My contributions here relate to access to education, media, and purchasing power of families. At some point, the school curriculum changed into a more national and international institution, whereby students are being prepared to fit in as national and international citizens. So did the knowledge imparted and information shared on foods, diets and nutrition. For example, school text-books at my rural home will be found to contain apples as an example of fruits, yet, no apple grows in my home area.  Young people end up losing knowledge of locally grown and available foods as they acquire knowledge on news foods that they will struggle to obtain (access and afford) later on in life.

 

Today’s availability and access to information and communication channels, including social media has exposed both the young and old to information than never before. Do individuals and families accessing the information have capacity to differentiate foods being advertised mainly as a market item for profit, from food items for nutrition? Goes back to the level and strength of internalized foods and nutritional values at a younger age – those will less knowledge and skills will be easy to sway to advertised foods, some whose nutritional value is not readily available to them.

 

Future strategies/focus:

1.       More emphasis on locally grown and available foods through the educational system, government-focused and NGO programs on food and well-being.
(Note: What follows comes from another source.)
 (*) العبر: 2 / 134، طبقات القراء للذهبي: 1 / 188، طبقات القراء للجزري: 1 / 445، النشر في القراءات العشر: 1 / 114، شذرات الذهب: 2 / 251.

2.       Emphasis through the school system on the different climatic conditions and linkages to specific foods, diets, and nutrition, i.e., if there are no apples in your locality, it does not mean you lack access to nutritious fruits. Eat local.
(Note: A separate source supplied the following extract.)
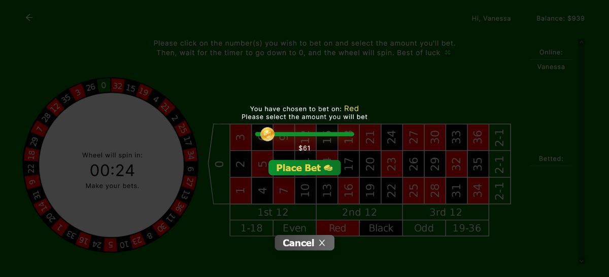 Еве го екранот што корисникот го гледа за да избере колкав залог да постави и на што да се обложи.

3.       Provision of infrastructure, for example the construction of roads to enable timely transportation of fresh foods from farms in rural areas to consumers in urban centers.

4.       Encourage the private sector to process, add value, package and sell locally produced foods.

5.       Collaboration with the private sector in the advertisement and campaigns to encourage rural families to consume traditional foods or locally available foods.

6.       Encourage `middle class’ families to consume traditional foods – the standards they set in terms of nutrition, dress, mannerisms, etc. have been found to set standards that rural families or the poor in urban centers will strive to achieve.

7.       Encourage rural and urban families to facilitate ‘family-meal-times’ – one way for young people to acquire skills on the cultivation and preparation of particular foods, and less reliance on the purchase of prepared foods, whose nutritional content they lack knowledge.

 

Nutrition education through family farming is a process; it is complicated, but achievable: Expose young people to food seeds, to food cultivation processes (can be achieved growing two seeds in a tin), to food harvesting and cooking techniques. Such knowledge will be everlasting, and will be the beginning of better diets and better nutrition.